Exercise objective: Write out the records beneath this line exactly as they appear, minus any images.

──────── Data for this task

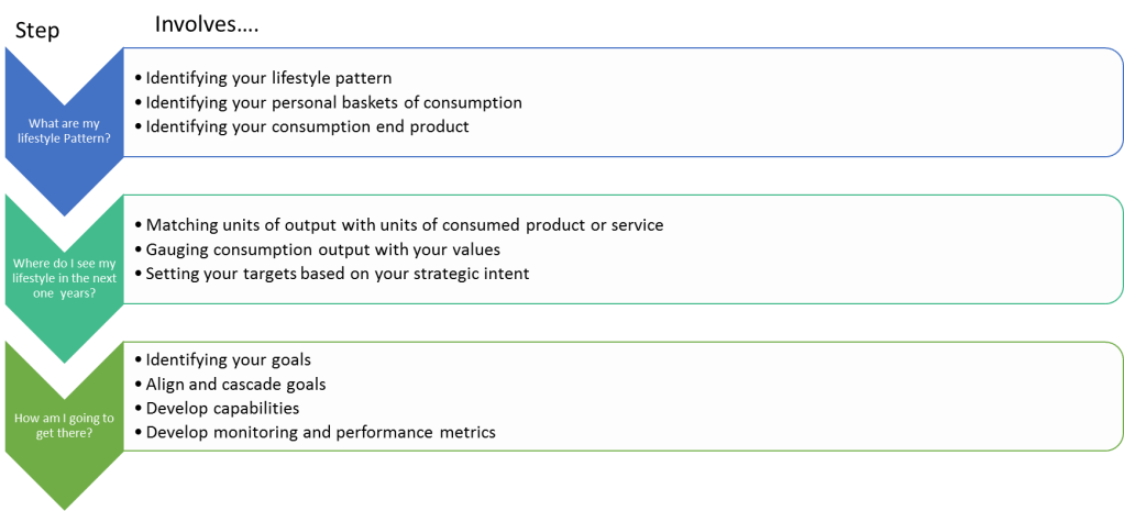 The third aspect of personal lifestyle visioning is identifying different baskets of your consumption end product. Each output unit should be matched with units of consumed product or service. Then gauge units of consumption output with your values. At the end of this leg, set your targets based on your strategic intent, which reflects your short-term and long-term emission reduction, conservation efforts and contribution to a sustainable future for your generation.
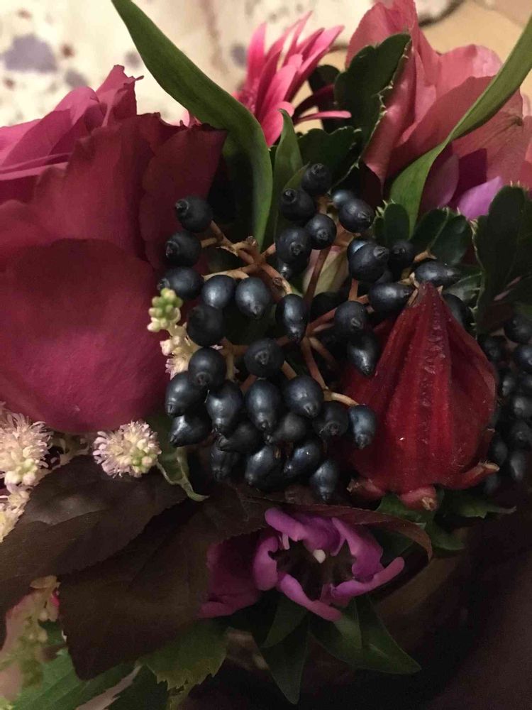 黒い実はビバーナム ティヌスで赤い方がハイビスカス ローゼルだと思いますよ😊
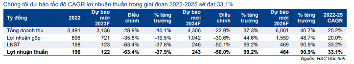 Chúng tôi không đưa ra dự báo đối với các khoản mục không thường xuyên trong giai đoạn 2023-2025. Nhìn chung, chúng tôi dự báo tốc độ CAGR lợi nhuận thuần trong giai đoạn 2022-2025 sẽ đạt 33,1%.
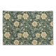 Dark green wallpaper pattern featuring repeating stylized yellow flowers interspersed with sage green leaves and swirling vines.
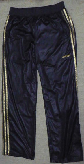 > レア物? adidas(アディダスジャパン株)製(二重構造インナー内蔵)ジャージパンツ M 黒×金
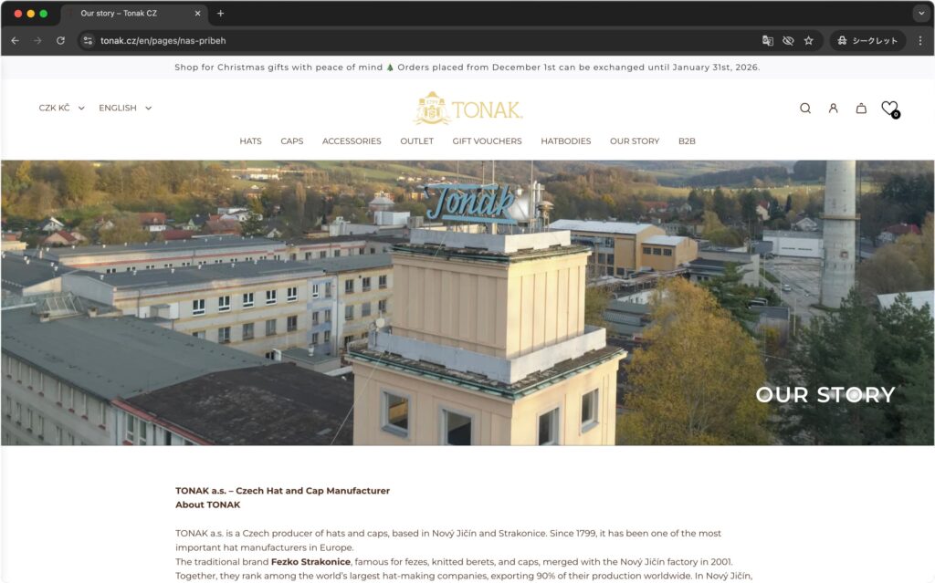 - 聖地ノヴィー・イチーン:創業の地であるこの街は、現在もTONAKの主要拠点。何世代にもわたって熟練の職人技が継承されている、世界でも稀有な「帽子の街」。
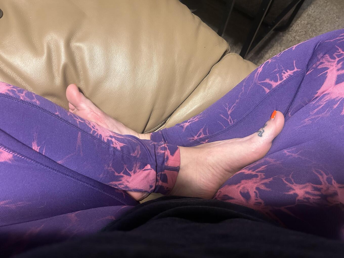 I’m sitting here barefoot, stretched out in my soft purple leggings… calm, grounded, completely at ease. No effort, no posing — just
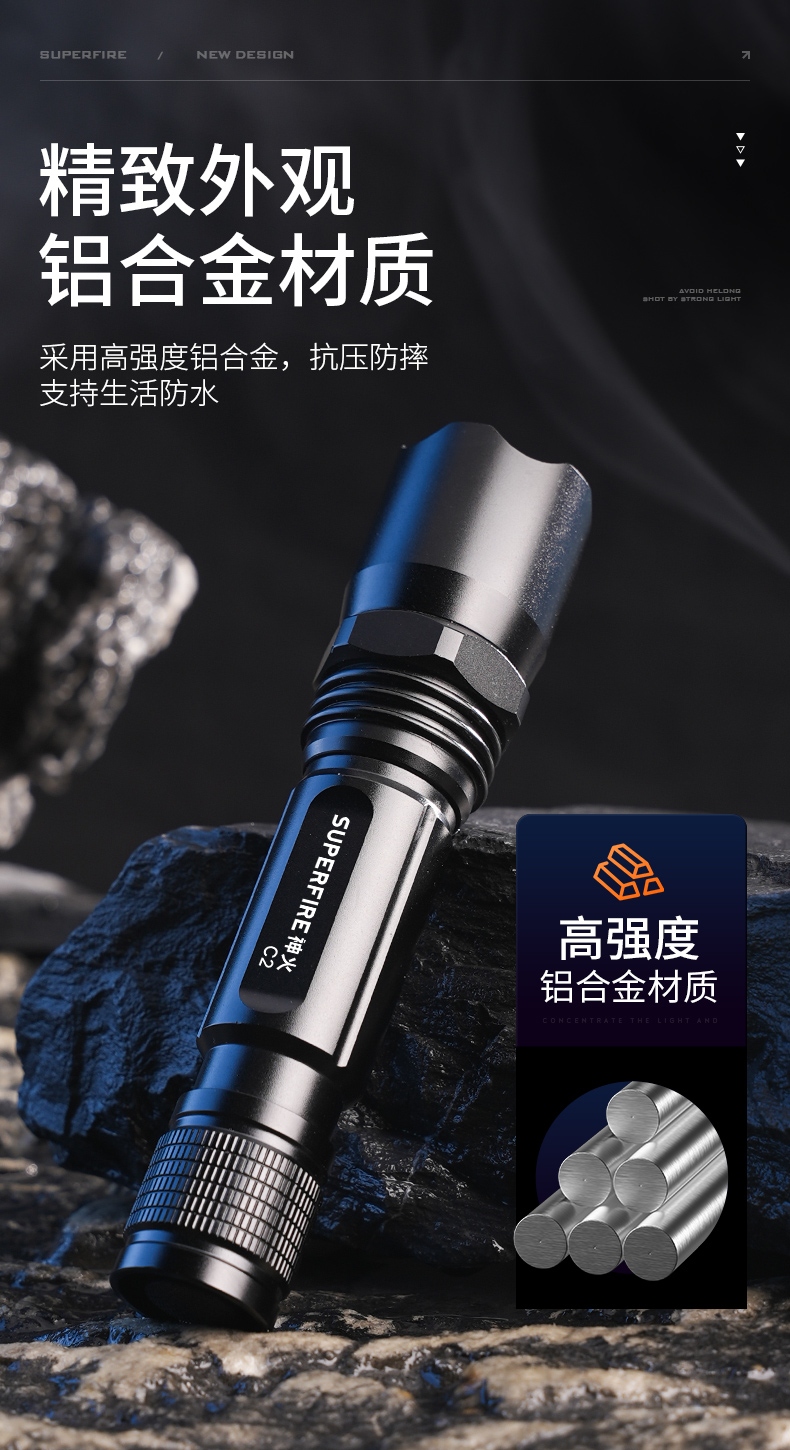 6、铝合金筒身,防水耐摔。
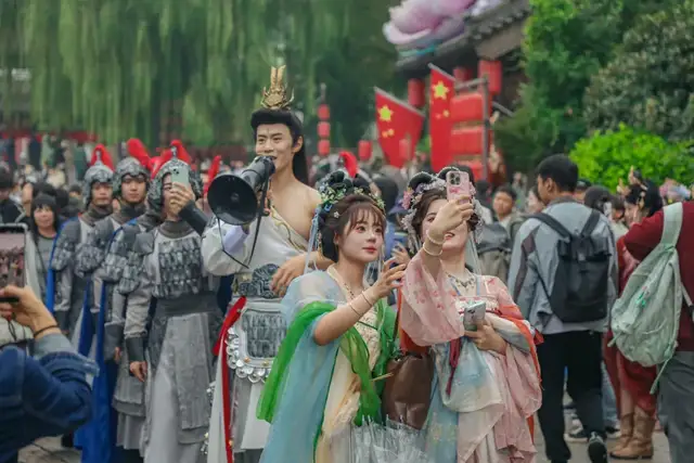 身着汉服穿行其中,
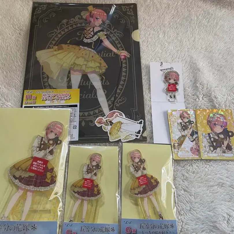 히코쿠지 5등분의 신부*~어느 쪽이 더 좋아? 나카노 이치카 F상 ① BIG 클리어 스탠드 ×1 G상 ① 클리어 스탠드 ×2 H상 ② 클리어 파일 & 스티커 ×1 I상 SD 클리어 키링 ×1 J상 홀로그램 & 클리어 카드 ×2 즉시 구매 가능⭕️ 합계 가격입니다.
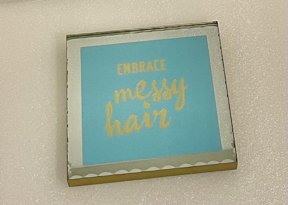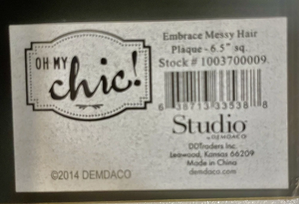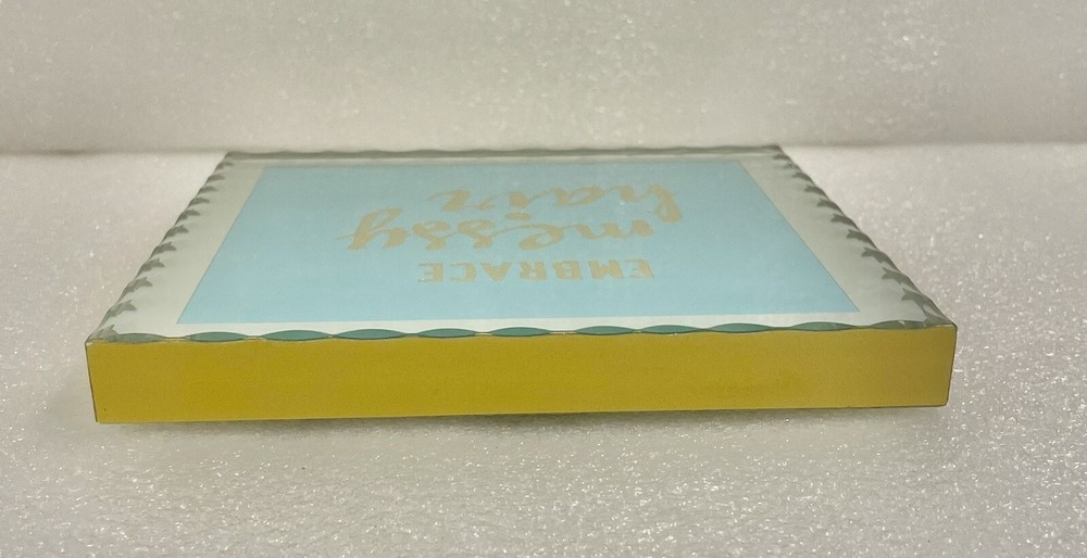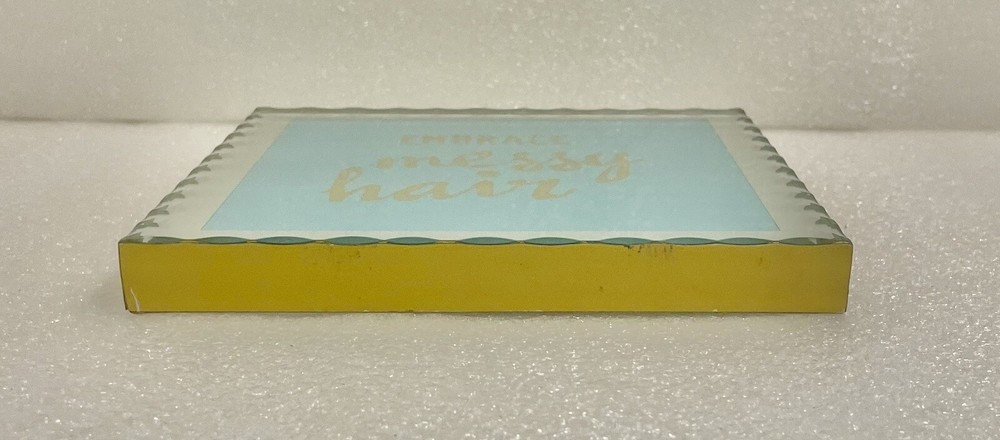 Pre-owned good condition. Pictures are the description. Look at photos one corner has a ding not noticeable when hanging or sitting in easel. A little of backing has peeled but not noticeable on the front Add a touch of glam to any room with this Embrace Messy Hair Inspirational Blue Wall Plaque from DEMDACO. The small, square plaque features a stylish pattern of letters in blue color, crafted from composite wood and glass materials. The plaque is easy to care for and can be easily cleaned, making it a perfect addition to any home decor. This wall-mounted plaque has a horizontal orientation and comes with a sawtooth hanger, decorative beveled edge, and mirror features. It is ideal for any room, including the entryway, foyer, kitchen, bedroom, living room, lounge, den, guestroom, nursery, and dining room. The plaque is not handmade and weighs 2lb, measuring 6.5 inches in height and width.
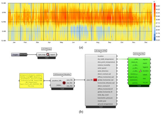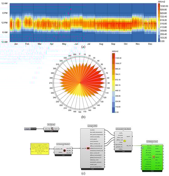 Figure 8c presents the script detailing the necessary components for the ladybug code, including the location file for the weather map. Thus, this thorough study of solar radiation provides insightful information about Semarang’s solar radiation distribution and intensity, facilitating well-informed decision-making for a range of uses.
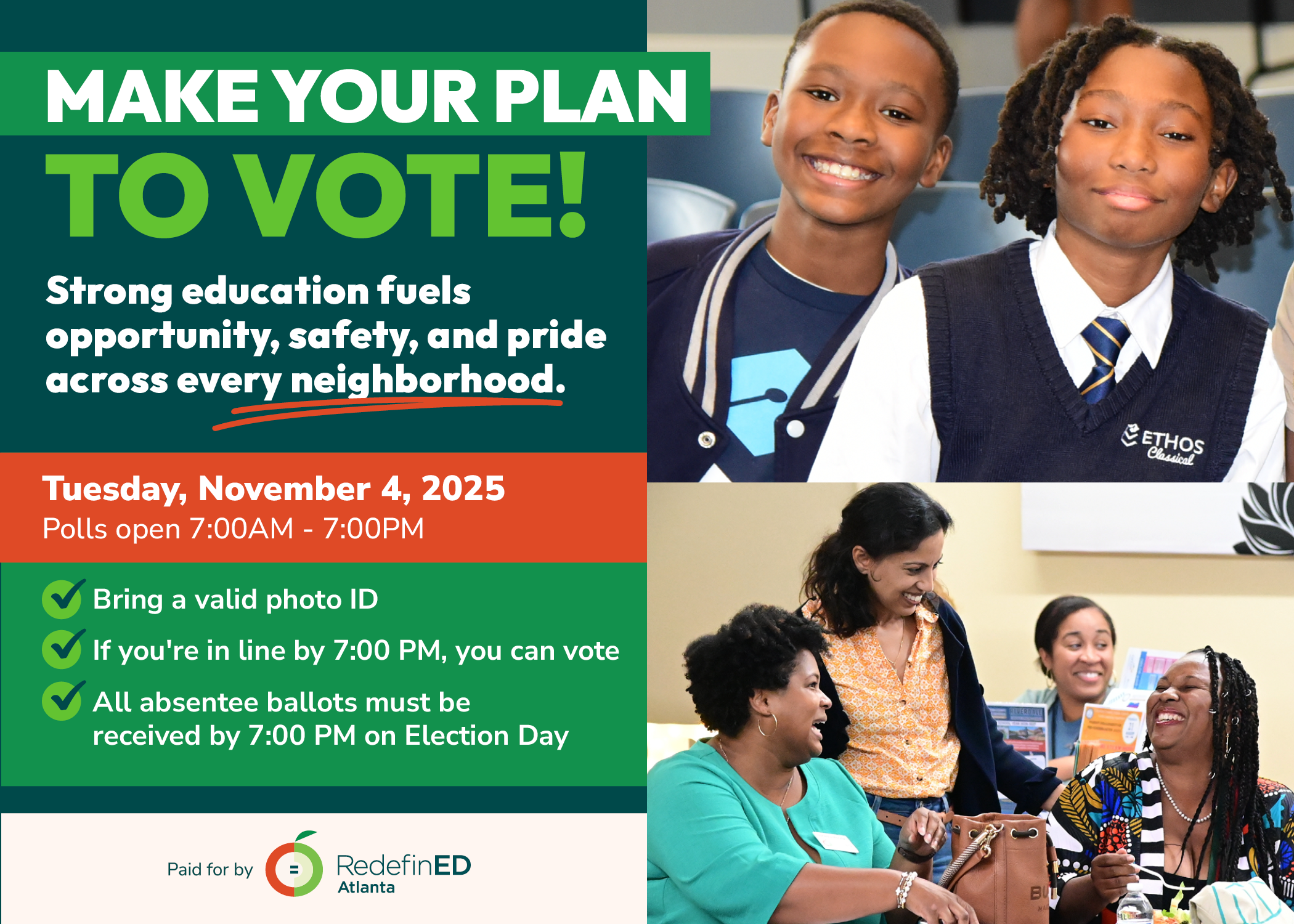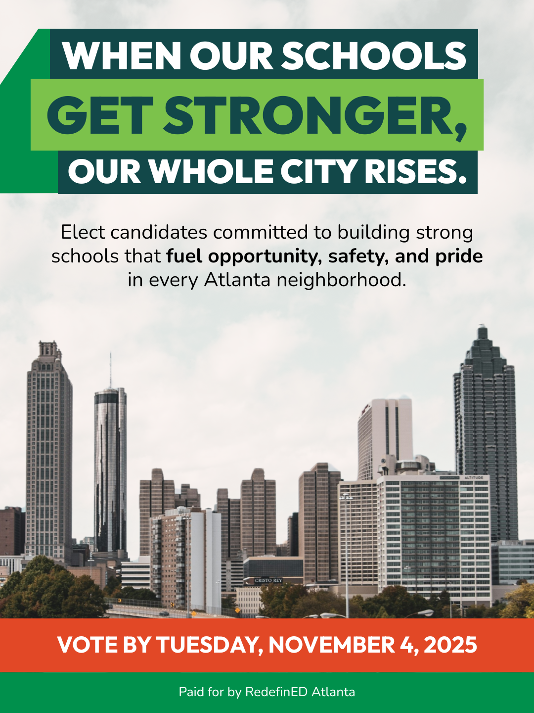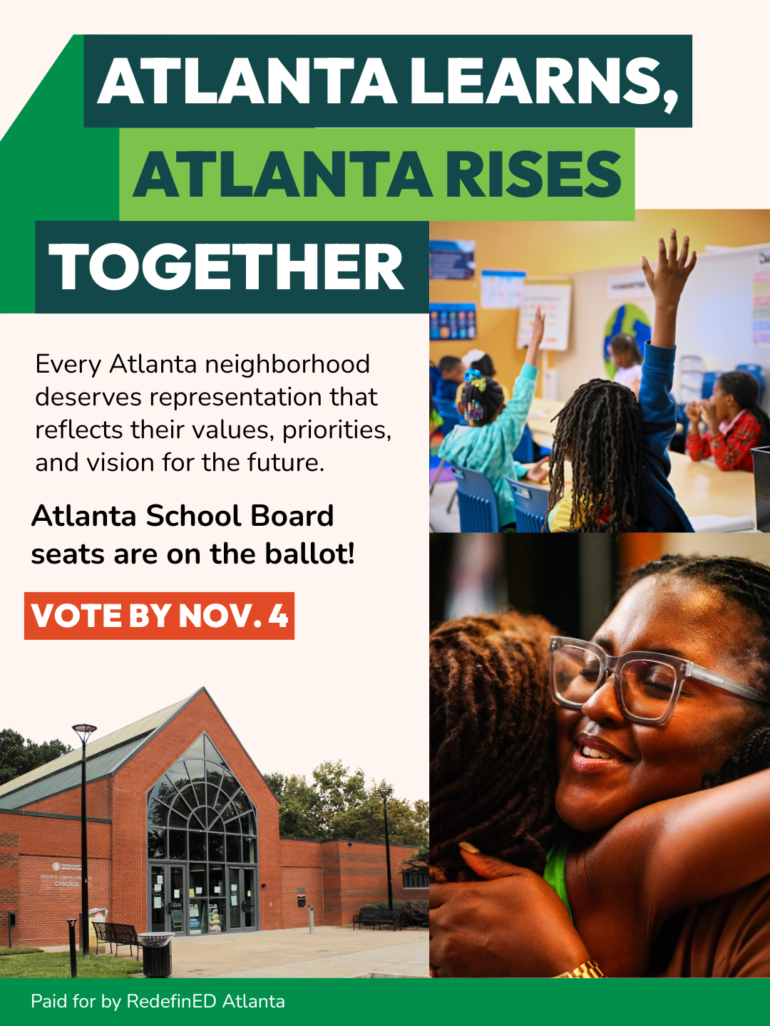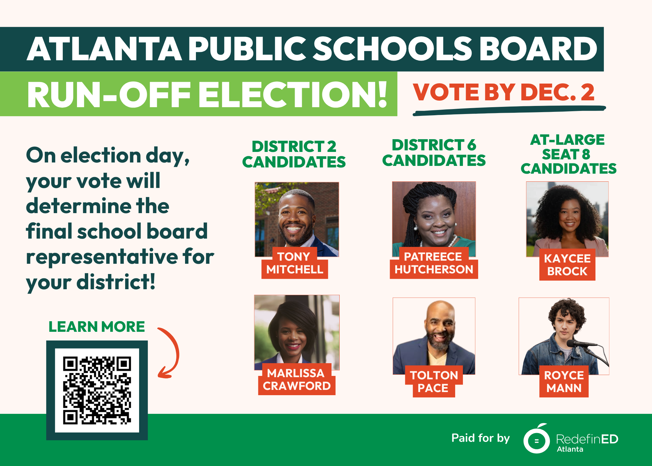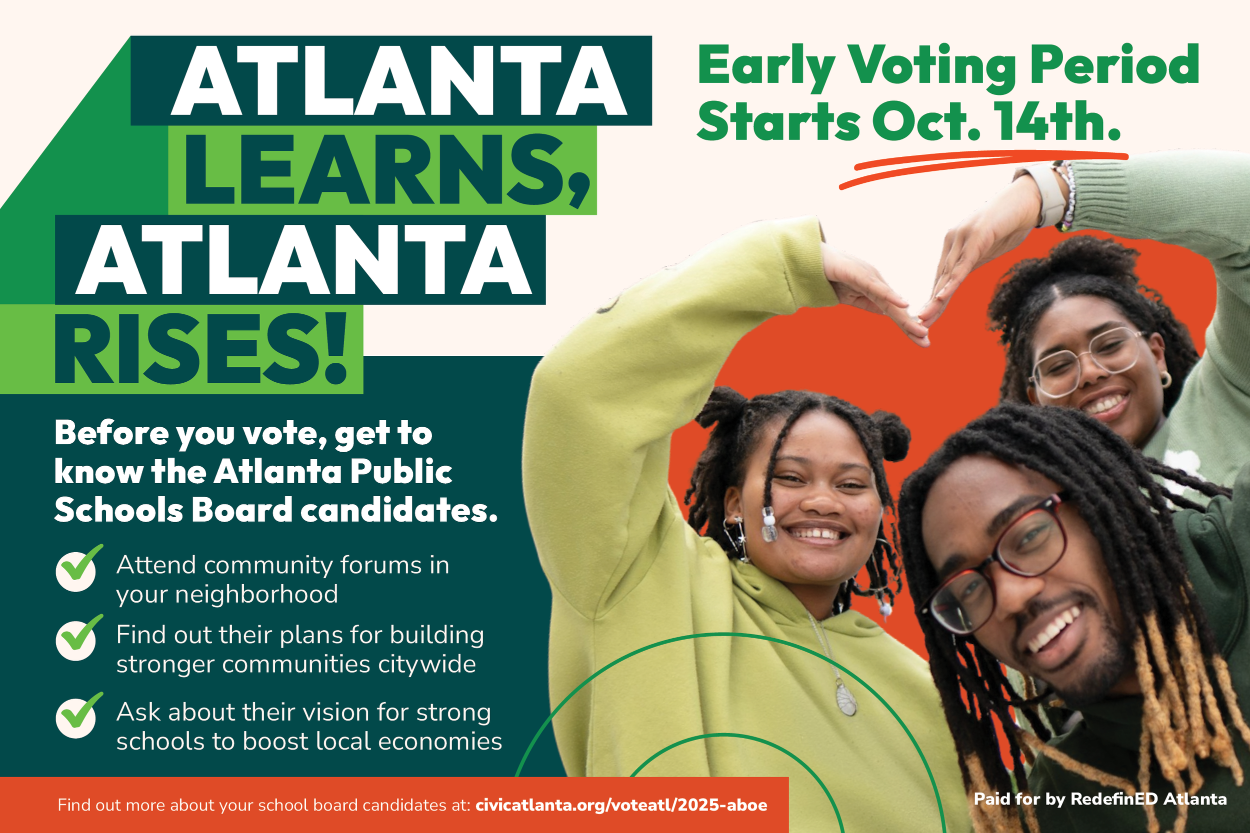 Ads management and creative development for social media, voter informational documents, and direct mail for the 2025 Atlanta School Board elections, including the runoff election.

────────────────

Result below:
 The third aspect of personal lifestyle visioning is identifying different baskets of your consumption end product. Each output unit should be matched with units of consumed product or service. Then gauge units of consumption output with your values. At the end of this leg, set your targets based on your strategic intent, which reflects your short-term and long-term emission reduction, conservation efforts and contribution to a sustainable future for your generation.
 黒い実はビバーナム ティヌスで赤い方がハイビスカス ローゼルだと思いますよ😊
 Chúng tôi không đưa ra dự báo đối với các khoản mục không thường xuyên trong giai đoạn 2023-2025. Nhìn chung, chúng tôi dự báo tốc độ CAGR lợi nhuận thuần trong giai đoạn 2022-2025 sẽ đạt 33,1%.
 Dark green wallpaper pattern featuring repeating stylized yellow flowers interspersed with sage green leaves and swirling vines.
 > レア物? adidas(アディダスジャパン株)製(二重構造インナー内蔵)ジャージパンツ M 黒×金
 - 聖地ノヴィー・イチーン:創業の地であるこの街は、現在もTONAKの主要拠点。何世代にもわたって熟練の職人技が継承されている、世界でも稀有な「帽子の街」。
 I’m sitting here barefoot, stretched out in my soft purple leggings… calm, grounded, completely at ease. No effort, no posing — just
 6、铝合金筒身,防水耐摔。
 身着汉服穿行其中,
 히코쿠지 5등분의 신부*~어느 쪽이 더 좋아? 나카노 이치카 F상 ① BIG 클리어 스탠드 ×1 G상 ① 클리어 스탠드 ×2 H상 ② 클리어 파일 & 스티커 ×1 I상 SD 클리어 키링 ×1 J상 홀로그램 & 클리어 카드 ×2 즉시 구매 가능⭕️ 합계 가격입니다.
 Pre-owned good condition. Pictures are the description. Look at photos one corner has a ding not noticeable when hanging or sitting in easel. A little of backing has peeled but not noticeable on the front Add a touch of glam to any room with this Embrace Messy Hair Inspirational Blue Wall Plaque from DEMDACO. The small, square plaque features a stylish pattern of letters in blue color, crafted from composite wood and glass materials. The plaque is easy to care for and can be easily cleaned, making it a perfect addition to any home decor. This wall-mounted plaque has a horizontal orientation and comes with a sawtooth hanger, decorative beveled edge, and mirror features. It is ideal for any room, including the entryway, foyer, kitchen, bedroom, living room, lounge, den, guestroom, nursery, and dining room. The plaque is not handmade and weighs 2lb, measuring 6.5 inches in height and width.
 Figure 8c presents the script detailing the necessary components for the ladybug code, including the location file for the weather map. Thus, this thorough study of solar radiation provides insightful information about Semarang’s solar radiation distribution and intensity, facilitating well-informed decision-making for a range of uses.
 Ads management and creative development for social media, voter informational documents, and direct mail for the 2025 Atlanta School Board elections, including the runoff election.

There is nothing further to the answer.